2.4 Wind farms at measurement sites and in the mesoscale model
We conducted the three measurements at two different sites. Case study I took place at the wind farms Meerwind Süd Ost (MSO) and OWP Nordsee Ost (ONO) (Fig. 2a, d), whereas the other two case studies focus on Godewind 1 and 2 (GW) (Fig. 2b, c).
The wind farms MSO and ONO are equipped with SIEMENS SWT-3.6-120 and SENVION 6.2 turbines having a hub height of 90 and ≈95–97 m, respectively; a rotor diameter of 120 m, resulting in a rotor top of 150 and 157.4 m at most. GW wind farms are equipped with Siemens SIEMENS SWT-6.0-154 wind turbines that have a hub height of 110 m and diameter of 154 m, resulting in a rotor top of 187 m. Further details are provided in Table 3.
In this study, we use, as in Siedersleben et al. (2018b), the thrust and power coefficients of the wind turbine SWT 3.6-120-onshore, as these are freely available online (http://www.wind-turbine-models.com/turbines/646-siemens-swt-3.6-120-onshore, last access: 16 January 2018). We use these power and thrust coefficients for all wind turbines implemented in the model. However, the hub height and the rotor diameter were adapted for each wind turbine type in the simulations. The locations of the installed wind turbines (i.e., all blue wind turbines in Fig. 1) were taken from Bundesnetzagentur (2019).
According to the energy charts provided by Fraunhofer ISE (2019), all wind farms of interest were fully operational during the aircraft observations. Therefore, we used all wind turbines of the wind farms as given in Bundesnetzagentur (2019).

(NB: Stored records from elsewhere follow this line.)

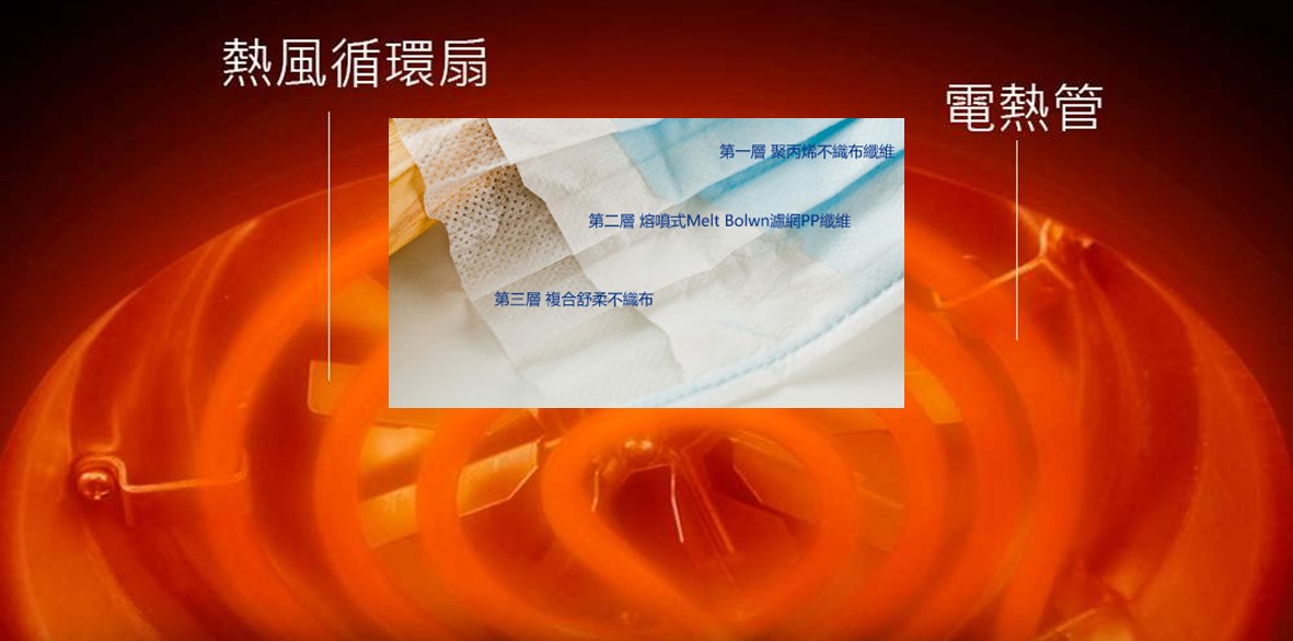 由於使用氣炸鍋產生的熱旋風溫度可達80度~200度(可設定),把主要材質是不織布的口罩放入氣炸鍋,因口罩重量輕,會被上升的熱旋風吹到上方的電熱管(發熱線)上, 鐵定造成口罩會被高溫燒掉、羽化成仙了!
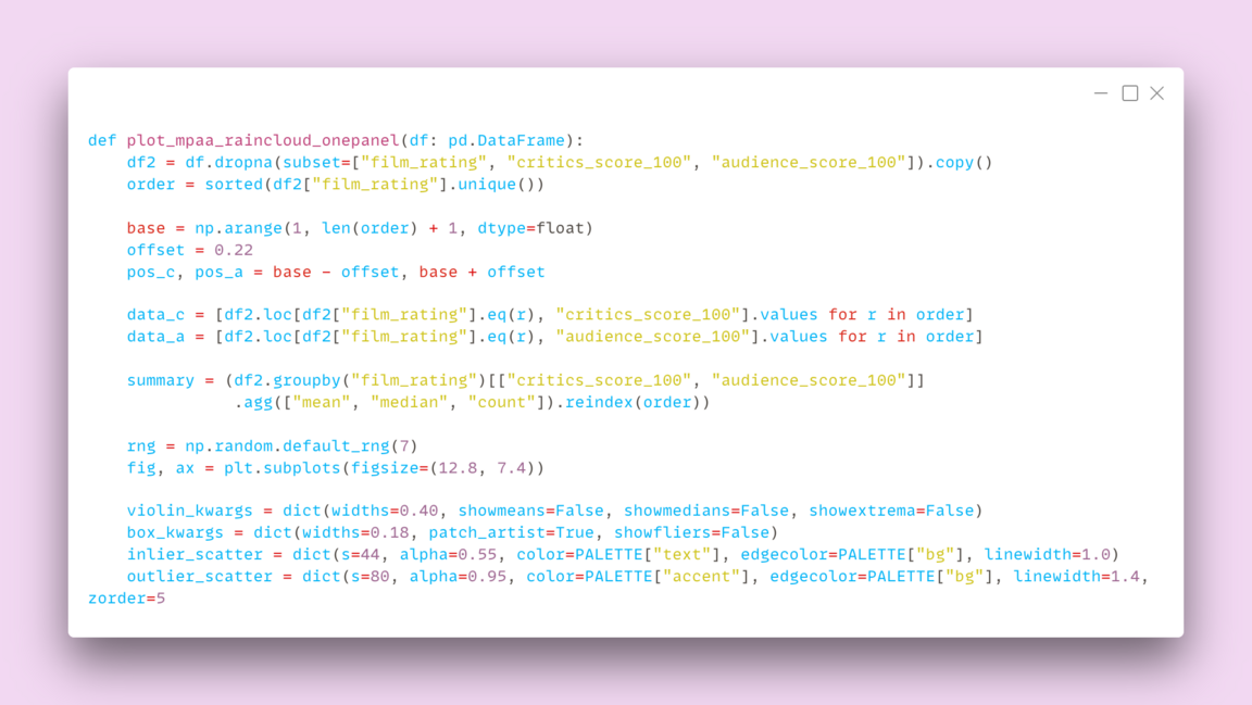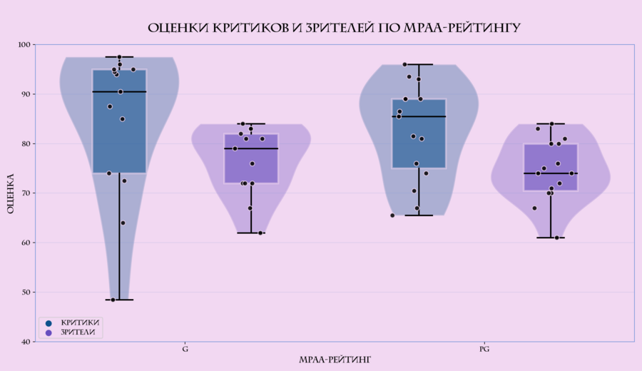 Следующий график, который я построила, показывает распределение оценок фильмов Pixar в зависимости от MPAA-рейтинга (G — все возраста, PG — 13+). Визуализация включает несколько слоёв. Полупрозрачное «облако» вокруг центральной части (violin) показывает форму распределения: где оно шире, там больше фильмов с такими значениями, а где уже — таких фильмов меньше. Прямоугольник внутри облака (boxplot) отображает основную зону значений, а линия внутри прямоугольника показывает медиану — наиболее типичную оценку в данной категории. Точки на графике обозначают отдельные фильмы, благодаря чему видно, насколько оценки внутри каждой группы однородны или, наоборот, сильно разбросаны. Чтобы распределения читались лучше, шкала оценок ограничена диапазоном 40–100, так как ниже этого уровня значений в данных практически нет. В данной выборке MPAA-рейтинг действительно связан с оценками: фильмы с рейтингом G в среднем и по медиане оцениваются чуть выше, чем фильмы PG, причём это видно и у критиков, и у зрителей.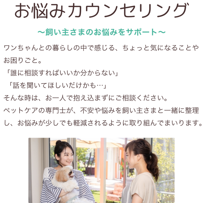 ・飼い主さまご自身の心身的な疲れや不安についてもご相談いただけます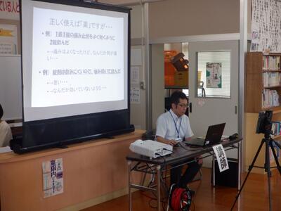 7月11日(金)、都城保健所 衛生環境課から講師をお招きして、図書館からのオンライン配信による薬物乱用防止教室を実施しました。参観日に併せた実施でしたので、保護者10名も参加してくださいました。
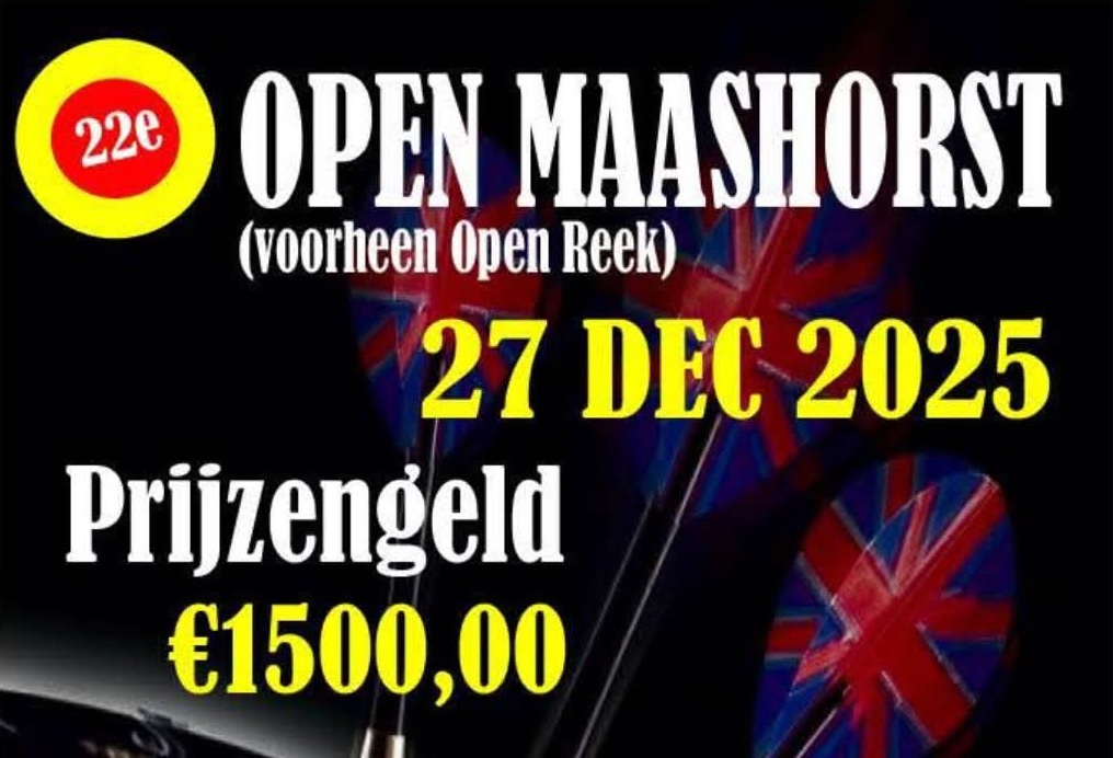 Op 27 december wordt in Het Wapen van Reek het 22e Open Maashorst darttoernooi georganiseerd. Inschrijven kan tot 13:00u aan de wedstrijdtafel en kost € 10,- De zaal is open vanaf 11:00u. Kijk voor meer informatie op: www.openreekdarts.nl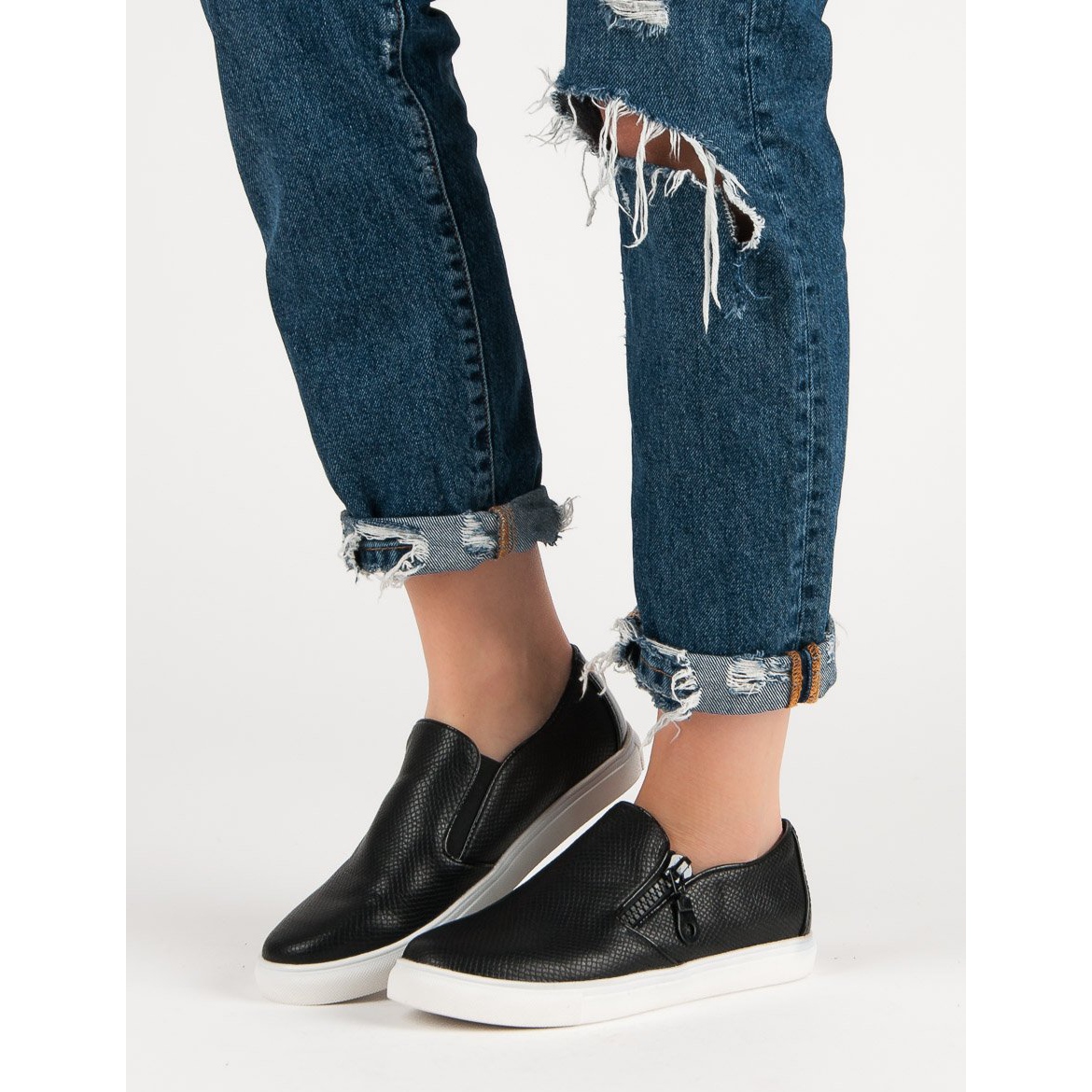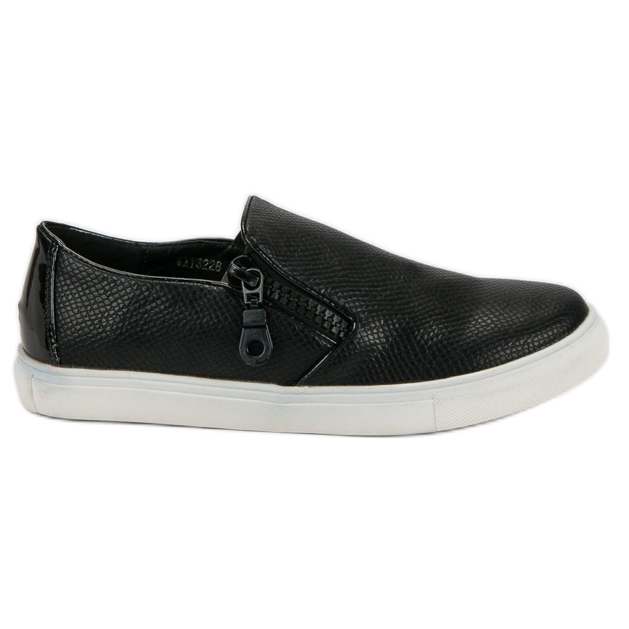 Black slip-ons from Weide are an elegant and stylish proposition for modern women who value comfort and a fashionable look. These slip-ons, without heels, are made of high-quality ecological leather, which makes them an ideal choice for people who care about ecology. An interesting detail is the decorative zipper, which adds originality and character to them.

Here, we use ERA5 data to provide overviews of the synoptic situations before and during each case study (Copernicus Climate Change Service, C3S, 2018). Additionally, the vertical structure of the atmosphere is discussed by the use of the climb flight data. Finally, the results of the aircraft measurements over the wind farms for the three case studies are described in Sect. 3.2 and 3.3.
3.1 Synoptics and mesoscale overview based on ERA5 reanalysis, SAR and aircraft data
Case study I was slightly stably stratified with wind from the southwest (Fig. 6a, g). On 9 August 2017 at 15:00 UTC, a trough approached the German Bight from the north (Fig. 5a) associated with southwesterly winds of 10–12 m s−1 at hub height near MSO (Fig. 6d, g). Weak warm air advection was associated with a slightly stably stratified atmosphere according to the climb flight (Fig. 6g, anticyclonic turning of the wind with height) upwind of the wind farm cluster (for location of climb flight, see Fig. 1, black thick line). Despite the stably stratified atmosphere, the sea surface temperature (SST) was higher than the air temperature close to the surface. At the FINO1 tower, a SST of 292 K was measured, ≈2 K higher than the air temperature. As expected for summertime, the SST was highest closest to the coast (Fig. 5a).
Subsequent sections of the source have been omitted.